HESI RN
HESI Exit Exam RN Capstone
1. The nurse is providing teaching to a client with gastroesophageal reflux disease (GERD). Which instruction should the nurse include?
- A. Eat large meals to decrease acid production
- B. Avoid lying down immediately after eating
- C. Limit fluid intake with meals
- D. Drink carbonated beverages to aid digestion
Correct answer: B
Rationale: The correct instruction for a client with GERD is to avoid lying down immediately after eating. This helps prevent stomach acid from flowing back into the esophagus, which can worsen symptoms. Eating large meals can actually increase acid production and exacerbate GERD. Limiting fluid intake with meals may be beneficial for some individuals, but it is not a key instruction for managing GERD. Drinking carbonated beverages can trigger reflux symptoms and should be avoided by individuals with GERD.
2. The nurse is preparing to administer a subcutaneous injection to a thin, elderly client. What is the most appropriate site for the injection?
- A. Dorsal aspect of the upper arm.
- B. Upper outer thigh.
- C. Lower abdomen.
- D. Lateral aspect of the upper arm.
Correct answer: B
Rationale: The correct answer is the upper outer thigh. In thin, elderly clients, the upper outer thigh is a recommended site for subcutaneous injections due to the presence of adequate subcutaneous tissue and muscle mass. The dorsal aspect of the upper arm may not provide enough subcutaneous tissue for proper absorption of the medication. The lower abdomen is not ideal for thin individuals as it may lead to injection into muscle rather than subcutaneous tissue. The lateral aspect of the upper arm is also not a commonly recommended site for subcutaneous injections.
3. A client in the third trimester of pregnancy reports that she feels some 'lumpy places' in her breasts and that her nipples sometimes leak a yellowish fluid. She has an appointment with her healthcare provider in two weeks. What action should the nurse take?
- A. Instruct the client to immediately see her provider for an evaluation
- B. Assess the fluid for signs of infection
- C. Explain that this normal secretion can be assessed at the next visit
- D. Recommend breast ultrasound to rule out abnormalities
Correct answer: C
Rationale: The yellowish fluid is likely colostrum, a normal finding in late pregnancy as the breasts prepare for lactation. It is common for women in the third trimester to experience 'lumpy places' in the breasts due to increased milk duct development. In this situation, the nurse should educate the client that these findings are normal physiological changes associated with pregnancy. Since the client has an upcoming appointment with her healthcare provider in two weeks, it is appropriate to reassure her that this can be further assessed during that visit. Instructing the client to immediately see her provider (Choice A) is unnecessary as this is a common finding in late pregnancy. Assessing the fluid for signs of infection (Choice B) is not warranted as colostrum leakage is a normal occurrence. Recommending a breast ultrasound (Choice D) is premature without further assessment by the healthcare provider.

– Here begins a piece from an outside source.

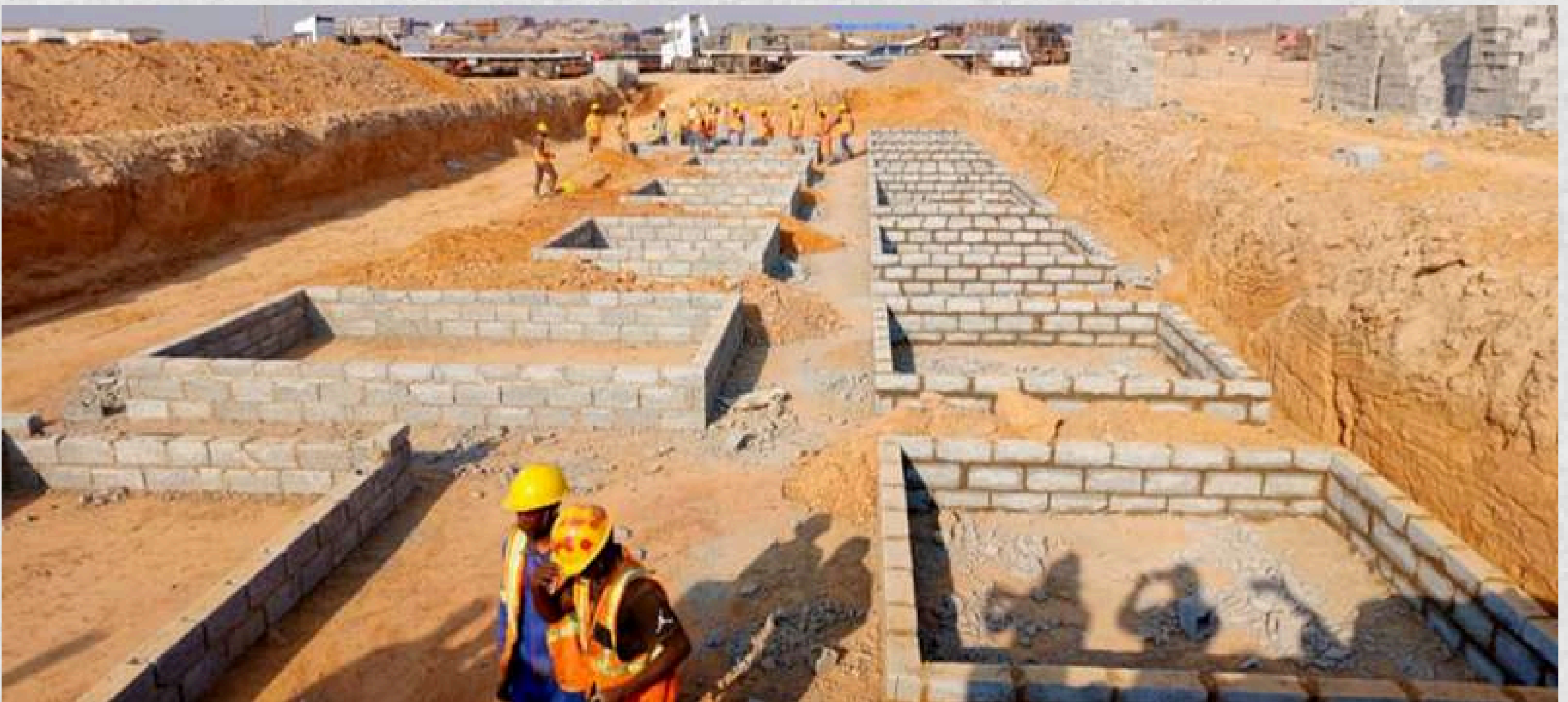
Construction works and Kasumbalesa OSBP.

The Minister was accompanied by members of the Public Private Partnership (PPP) Council, Officials from the Ministry, the Road Development Agency (RDA), and the National Road Fund Agency (NRFA).

4. A client is admitted with deep vein thrombosis (DVT) and is receiving heparin therapy. What is the most important laboratory value to monitor during heparin therapy?
- A. Prothrombin time (PT)
- B. International normalized ratio (INR)
- C. Activated partial thromboplastin time (aPTT)
- D. Platelet count
Correct answer: C
Rationale: The activated partial thromboplastin time (aPTT) is the most important laboratory value to monitor during heparin therapy. It measures the intrinsic pathway of coagulation and is used to assess the effectiveness of heparin as an anticoagulant. Keeping the aPTT within the therapeutic range is crucial to prevent complications such as bleeding or clot formation. Prothrombin time (PT) and International normalized ratio (INR) are used to monitor warfarin therapy, not heparin. Platelet count is important to assess for thrombocytopenia, a potential side effect of heparin, but it is not the primary laboratory value to monitor the effectiveness of heparin therapy.
5. A client presents to the emergency department with a severe exacerbation of asthma. The nurse notes that the client is using accessory muscles to breathe and has an oxygen saturation of 86%. Which intervention should the nurse implement first?
- A. Place the client in a high-Fowler's position
- B. Obtain a peak flow reading
- C. Administer a bronchodilator
- D. Administer oxygen therapy
Correct answer: D
Rationale: The first priority in an acute asthma exacerbation is to administer oxygen to improve the client's oxygen saturation. In this scenario, the client has a low oxygen saturation level of 86%, indicating hypoxemia, which can be life-threatening. Administering oxygen therapy will help improve oxygenation and support vital organ function. Once the oxygen levels are stabilized, further interventions such as bronchodilators can be implemented. Placing the client in a high-Fowler's position may also be beneficial, but ensuring adequate oxygenation takes precedence in this critical situation. Obtaining a peak flow reading is important for asthma management but is not the first intervention needed in a client with severe hypoxemia.